## Description of the task
An exact reproduction is required of the lines from the beginning of the entries through the line with "ارتقِ بلحظاتك الروحانية", pictures excluded and nothing added.

## Information given
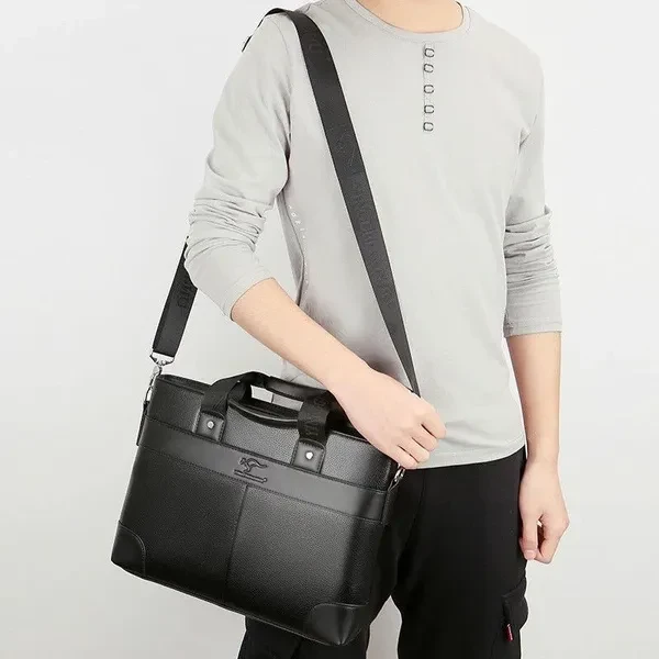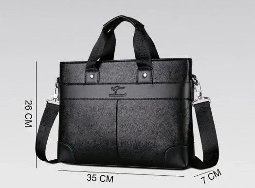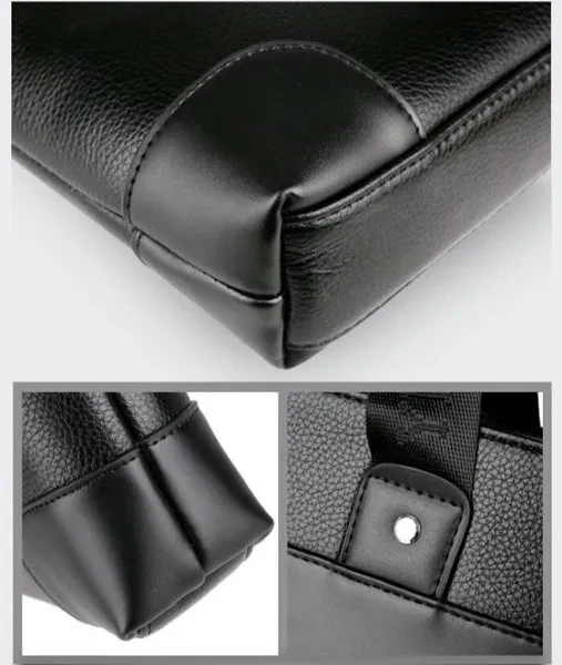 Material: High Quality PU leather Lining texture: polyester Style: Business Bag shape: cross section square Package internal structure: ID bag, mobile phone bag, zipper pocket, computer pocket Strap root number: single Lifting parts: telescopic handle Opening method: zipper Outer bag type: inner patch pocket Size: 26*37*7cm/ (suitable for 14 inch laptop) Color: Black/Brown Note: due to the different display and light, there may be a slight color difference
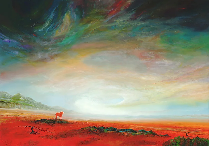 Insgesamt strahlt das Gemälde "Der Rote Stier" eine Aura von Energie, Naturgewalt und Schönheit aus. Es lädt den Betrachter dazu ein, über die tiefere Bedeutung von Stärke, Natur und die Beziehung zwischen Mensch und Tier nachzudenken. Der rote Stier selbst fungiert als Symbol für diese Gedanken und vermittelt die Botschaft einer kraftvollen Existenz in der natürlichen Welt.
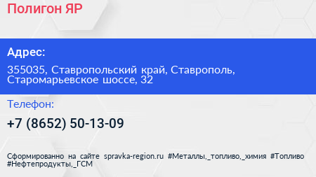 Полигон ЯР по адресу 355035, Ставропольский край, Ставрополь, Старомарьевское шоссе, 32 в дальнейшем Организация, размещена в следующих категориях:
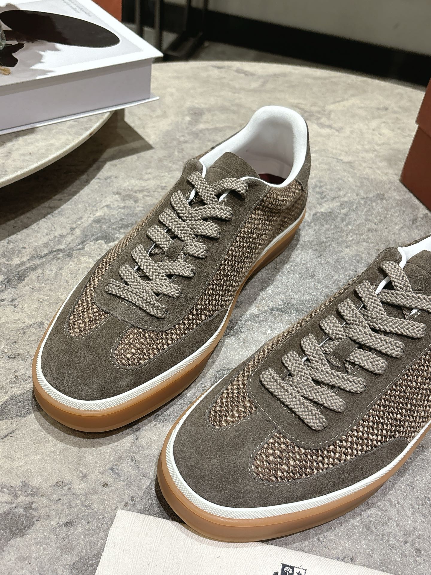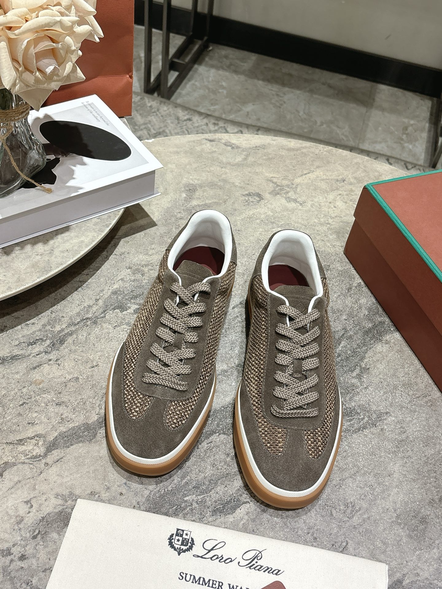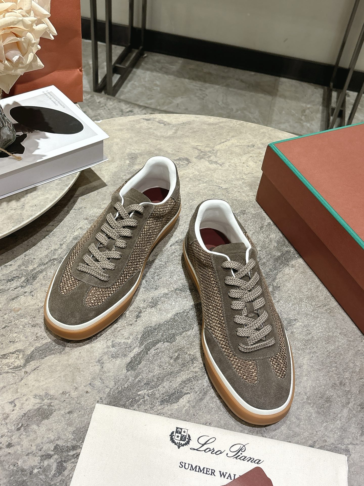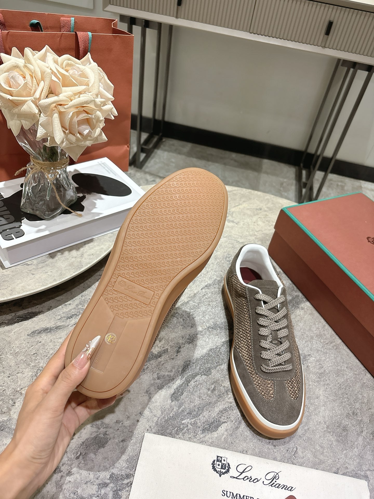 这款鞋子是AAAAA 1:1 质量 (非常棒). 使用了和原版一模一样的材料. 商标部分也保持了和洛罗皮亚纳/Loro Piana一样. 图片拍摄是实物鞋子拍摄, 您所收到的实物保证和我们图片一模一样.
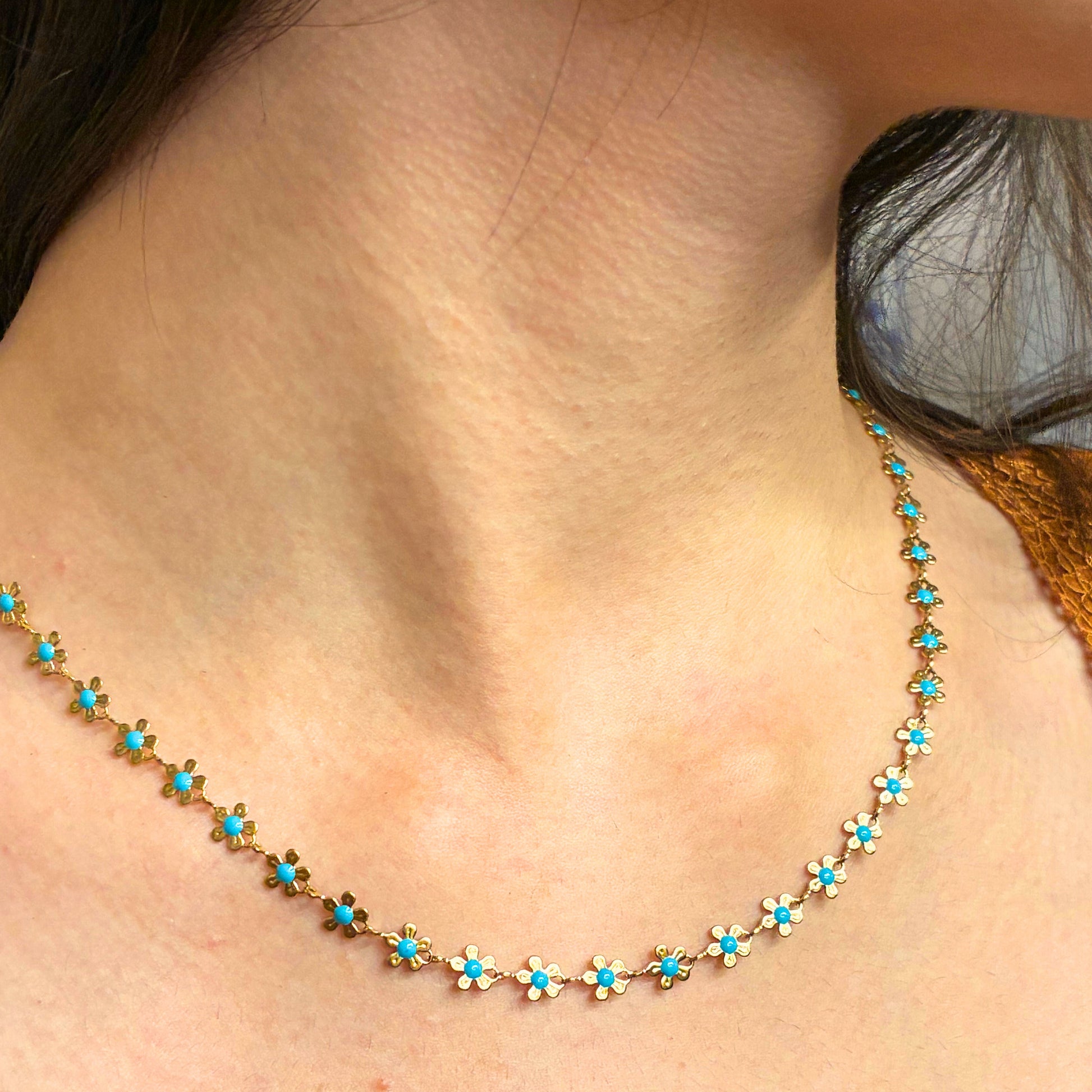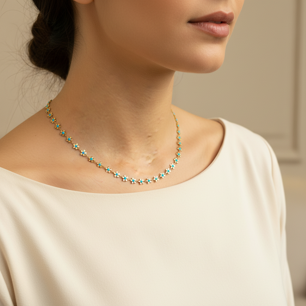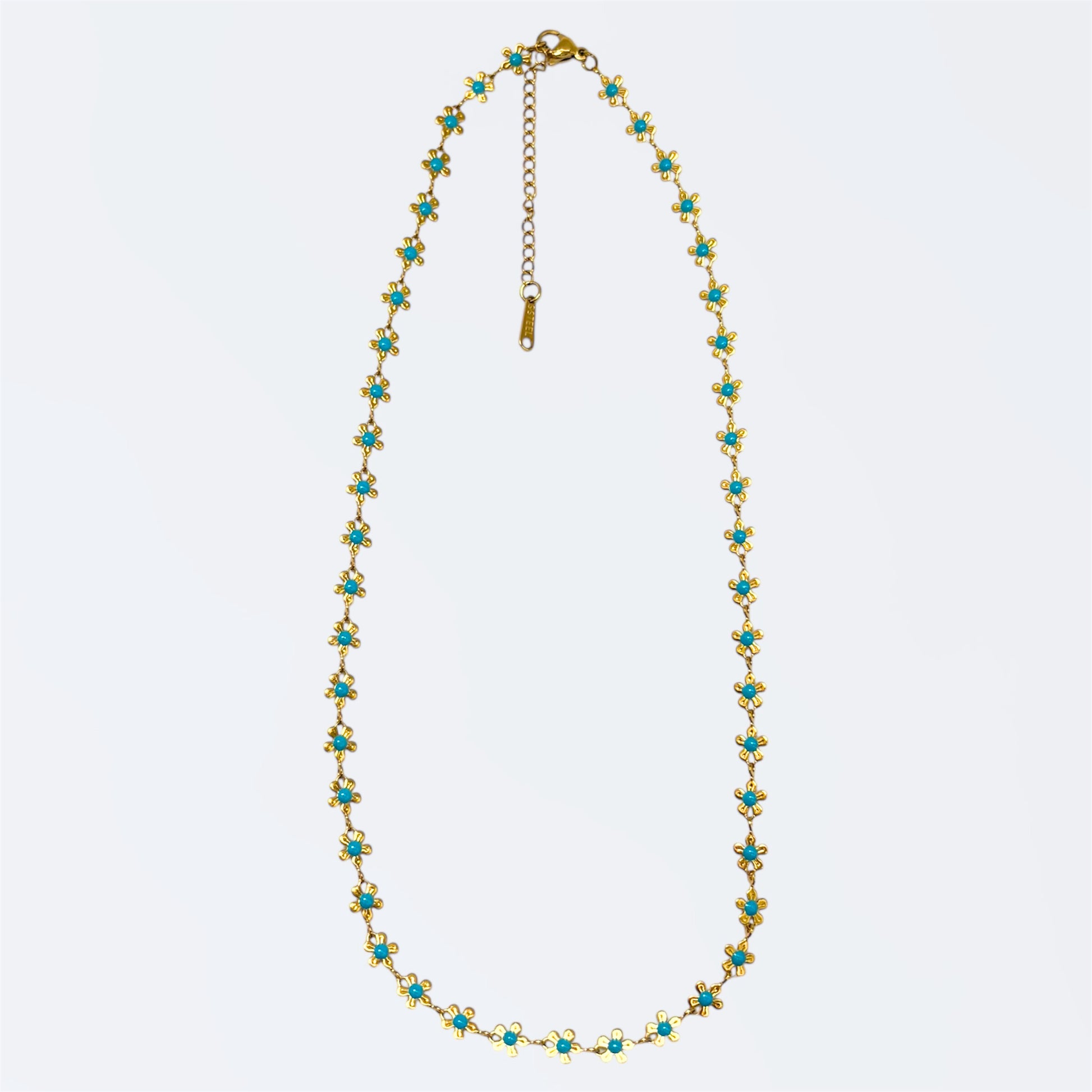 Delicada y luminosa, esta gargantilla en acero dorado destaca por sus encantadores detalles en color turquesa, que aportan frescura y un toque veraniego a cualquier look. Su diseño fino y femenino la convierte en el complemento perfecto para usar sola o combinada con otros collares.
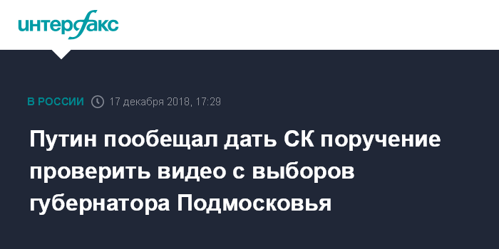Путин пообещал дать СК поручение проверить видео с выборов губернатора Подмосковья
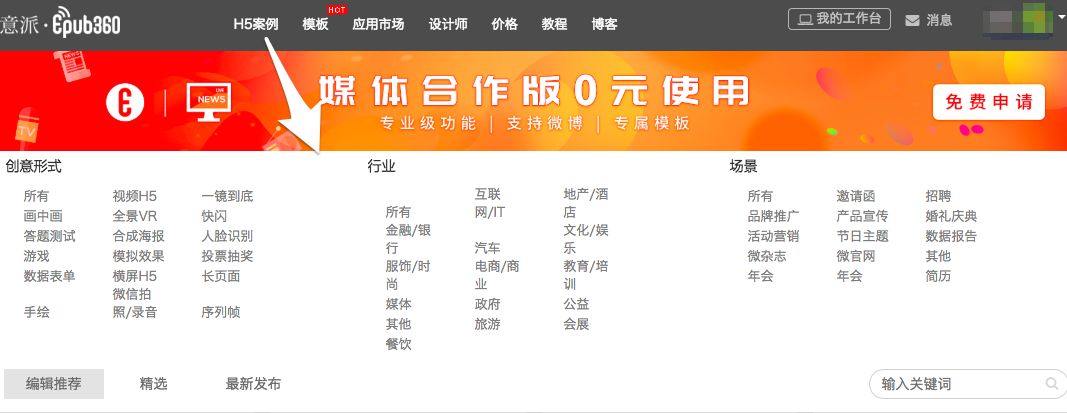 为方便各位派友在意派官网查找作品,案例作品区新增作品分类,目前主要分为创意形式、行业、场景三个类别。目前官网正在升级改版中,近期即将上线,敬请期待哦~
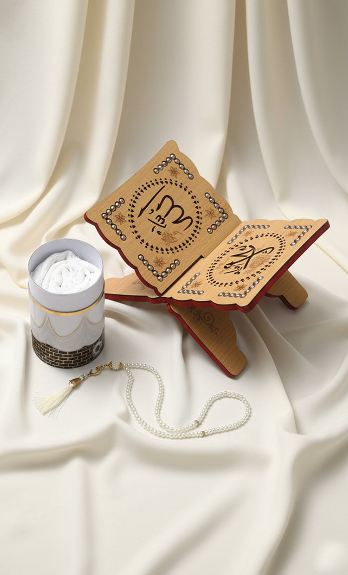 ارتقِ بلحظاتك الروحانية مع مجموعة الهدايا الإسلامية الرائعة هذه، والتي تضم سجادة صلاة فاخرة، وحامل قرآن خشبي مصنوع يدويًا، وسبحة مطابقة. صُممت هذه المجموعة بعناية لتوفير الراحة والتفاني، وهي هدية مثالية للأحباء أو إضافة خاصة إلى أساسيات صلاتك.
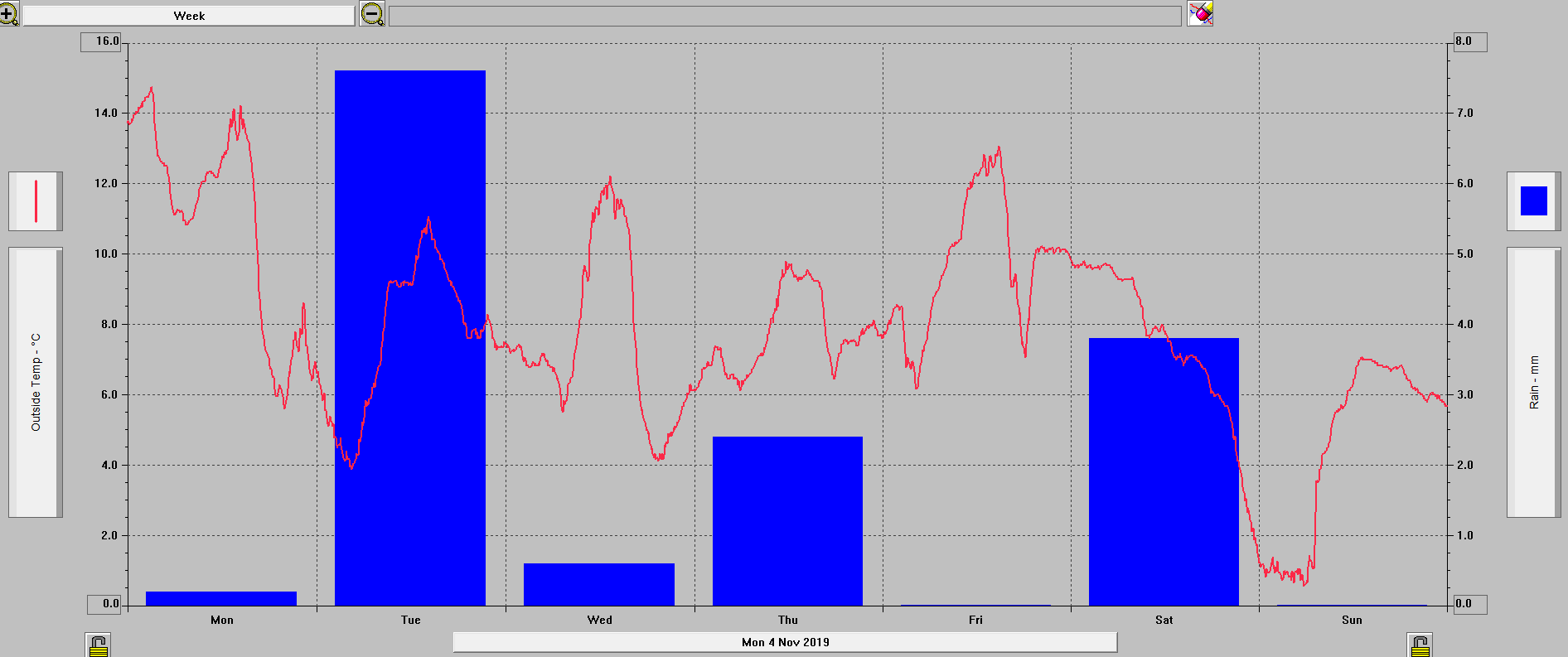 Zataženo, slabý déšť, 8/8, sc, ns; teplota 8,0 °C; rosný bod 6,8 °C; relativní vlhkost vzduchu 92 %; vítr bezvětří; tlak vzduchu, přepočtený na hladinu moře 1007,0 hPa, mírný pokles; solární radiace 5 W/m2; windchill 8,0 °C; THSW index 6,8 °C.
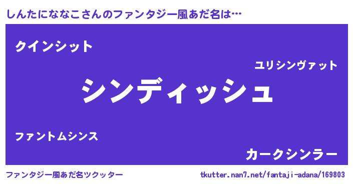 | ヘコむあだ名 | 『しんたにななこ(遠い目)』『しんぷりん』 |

## Output
 Material: High Quality PU leather Lining texture: polyester Style: Business Bag shape: cross section square Package internal structure: ID bag, mobile phone bag, zipper pocket, computer pocket Strap root number: single Lifting parts: telescopic handle Opening method: zipper Outer bag type: inner patch pocket Size: 26*37*7cm/ (suitable for 14 inch laptop) Color: Black/Brown Note: due to the different display and light, there may be a slight color difference
 Insgesamt strahlt das Gemälde "Der Rote Stier" eine Aura von Energie, Naturgewalt und Schönheit aus. Es lädt den Betrachter dazu ein, über die tiefere Bedeutung von Stärke, Natur und die Beziehung zwischen Mensch und Tier nachzudenken. Der rote Stier selbst fungiert als Symbol für diese Gedanken und vermittelt die Botschaft einer kraftvollen Existenz in der natürlichen Welt.
 Полигон ЯР по адресу 355035, Ставропольский край, Ставрополь, Старомарьевское шоссе, 32 в дальнейшем Организация, размещена в следующих категориях:
 这款鞋子是AAAAA 1:1 质量 (非常棒). 使用了和原版一模一样的材料. 商标部分也保持了和洛罗皮亚纳/Loro Piana一样. 图片拍摄是实物鞋子拍摄, 您所收到的实物保证和我们图片一模一样.
 Delicada y luminosa, esta gargantilla en acero dorado destaca por sus encantadores detalles en color turquesa, que aportan frescura y un toque veraniego a cualquier look. Su diseño fino y femenino la convierte en el complemento perfecto para usar sola o combinada con otros collares.
Путин пообещал дать СК поручение проверить видео с выборов губернатора Подмосковья
 为方便各位派友在意派官网查找作品,案例作品区新增作品分类,目前主要分为创意形式、行业、场景三个类别。目前官网正在升级改版中,近期即将上线,敬请期待哦~
 ارتقِ بلحظاتك الروحانية مع مجموعة الهدايا الإسلامية الرائعة هذه، والتي تضم سجادة صلاة فاخرة، وحامل قرآن خشبي مصنوع يدويًا، وسبحة مطابقة. صُممت هذه المجموعة بعناية لتوفير الراحة والتفاني، وهي هدية مثالية للأحباء أو إضافة خاصة إلى أساسيات صلاتك.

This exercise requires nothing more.